> **Work request**: Print the whole listing again exactly as it stands, leaving out any images.

> **Dataset content**:
=== Section Start ===

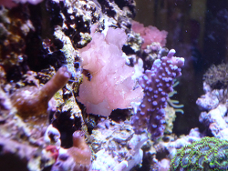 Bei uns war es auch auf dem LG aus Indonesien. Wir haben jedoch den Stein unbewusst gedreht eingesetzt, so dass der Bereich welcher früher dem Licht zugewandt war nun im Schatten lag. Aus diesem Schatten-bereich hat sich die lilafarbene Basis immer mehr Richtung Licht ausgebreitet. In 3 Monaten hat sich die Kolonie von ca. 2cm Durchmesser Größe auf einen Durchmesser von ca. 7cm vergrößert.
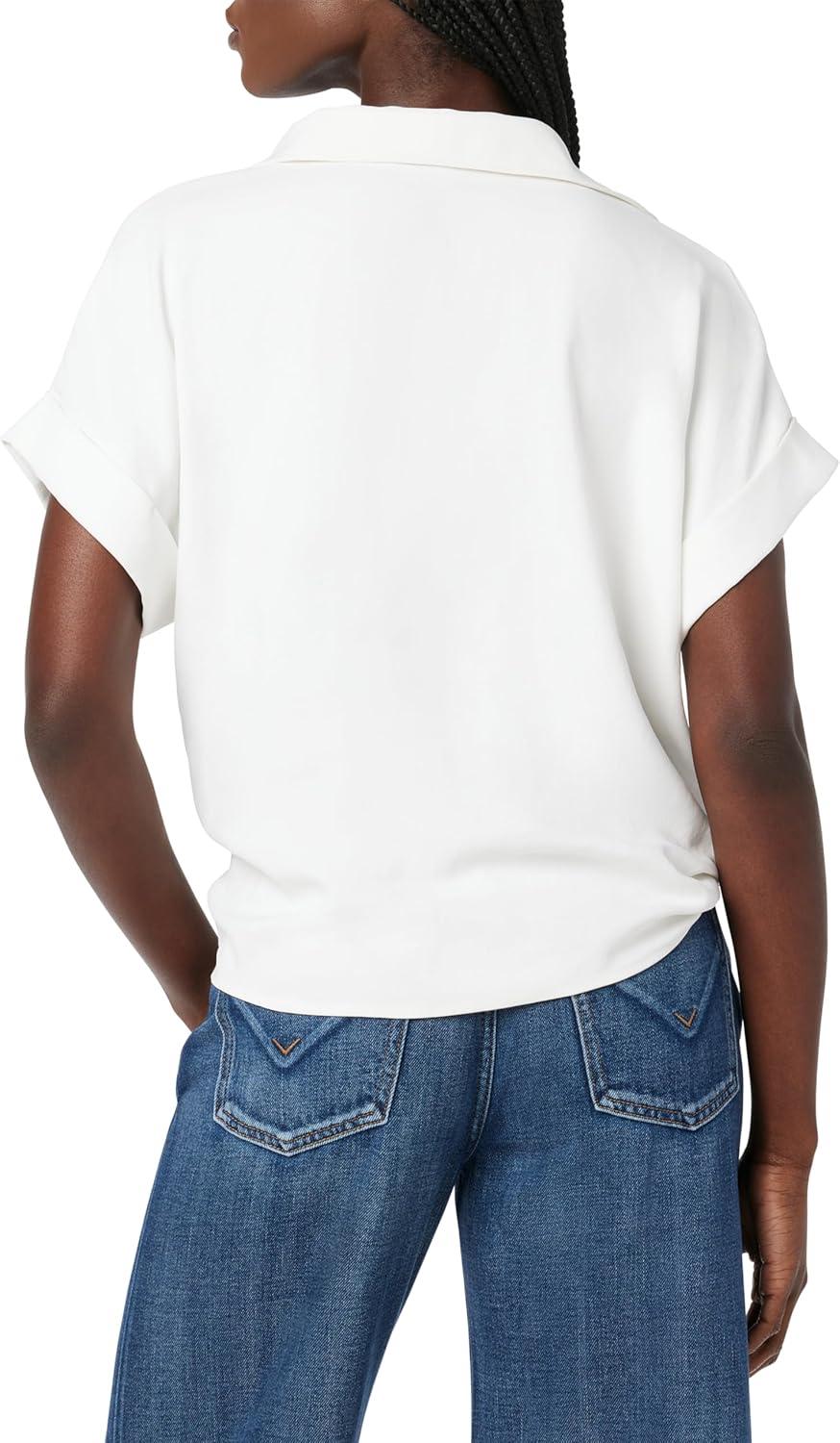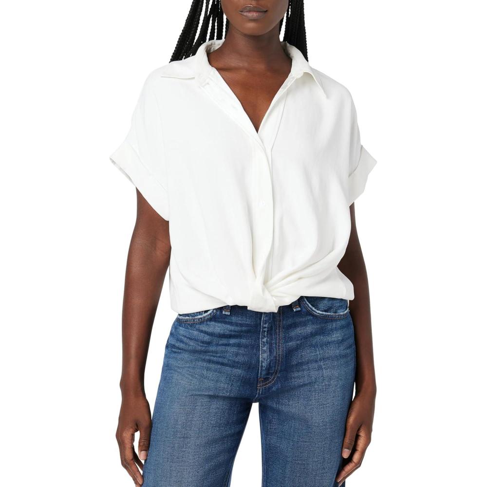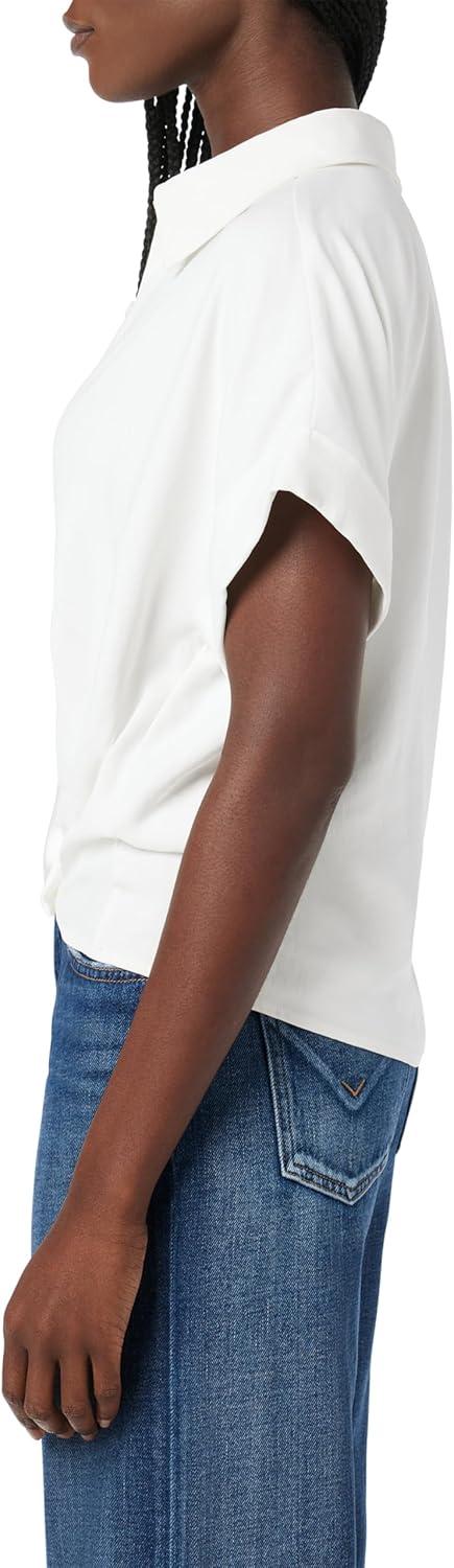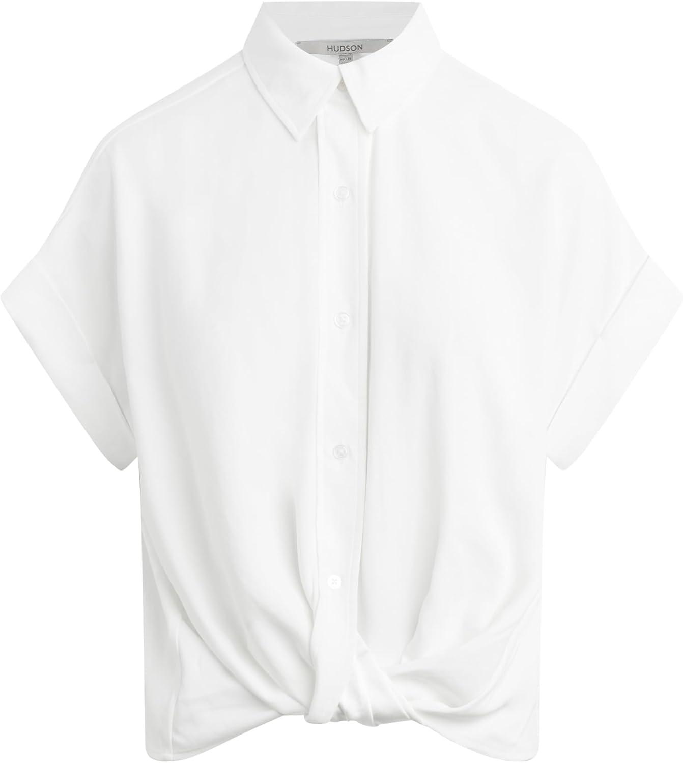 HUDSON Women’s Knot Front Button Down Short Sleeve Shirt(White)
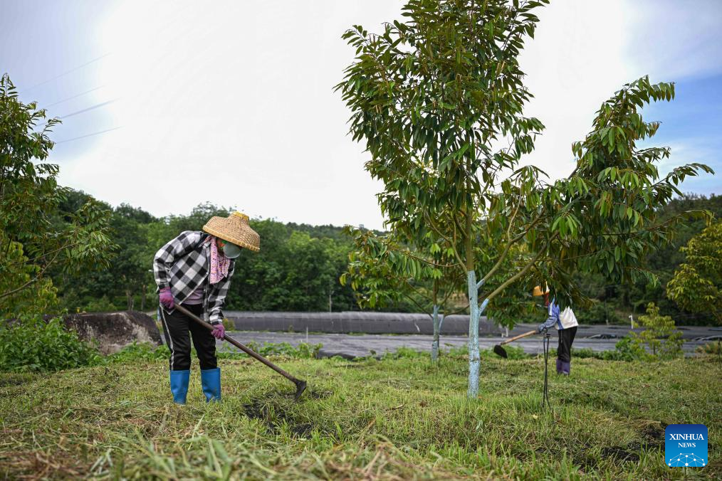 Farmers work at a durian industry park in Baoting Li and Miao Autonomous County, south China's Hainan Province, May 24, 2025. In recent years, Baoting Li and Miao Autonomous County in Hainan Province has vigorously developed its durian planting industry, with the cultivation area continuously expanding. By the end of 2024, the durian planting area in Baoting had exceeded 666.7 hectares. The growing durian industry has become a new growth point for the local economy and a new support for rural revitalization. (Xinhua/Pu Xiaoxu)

=== Section End ===

> **Written response**:
 Bei uns war es auch auf dem LG aus Indonesien. Wir haben jedoch den Stein unbewusst gedreht eingesetzt, so dass der Bereich welcher früher dem Licht zugewandt war nun im Schatten lag. Aus diesem Schatten-bereich hat sich die lilafarbene Basis immer mehr Richtung Licht ausgebreitet. In 3 Monaten hat sich die Kolonie von ca. 2cm Durchmesser Größe auf einen Durchmesser von ca. 7cm vergrößert.
 HUDSON Women’s Knot Front Button Down Short Sleeve Shirt(White)
 Farmers work at a durian industry park in Baoting Li and Miao Autonomous County, south China's Hainan Province, May 24, 2025. In recent years, Baoting Li and Miao Autonomous County in Hainan Province has vigorously developed its durian planting industry, with the cultivation area continuously expanding. By the end of 2024, the durian planting area in Baoting had exceeded 666.7 hectares. The growing durian industry has become a new growth point for the local economy and a new support for rural revitalization. (Xinhua/Pu Xiaoxu)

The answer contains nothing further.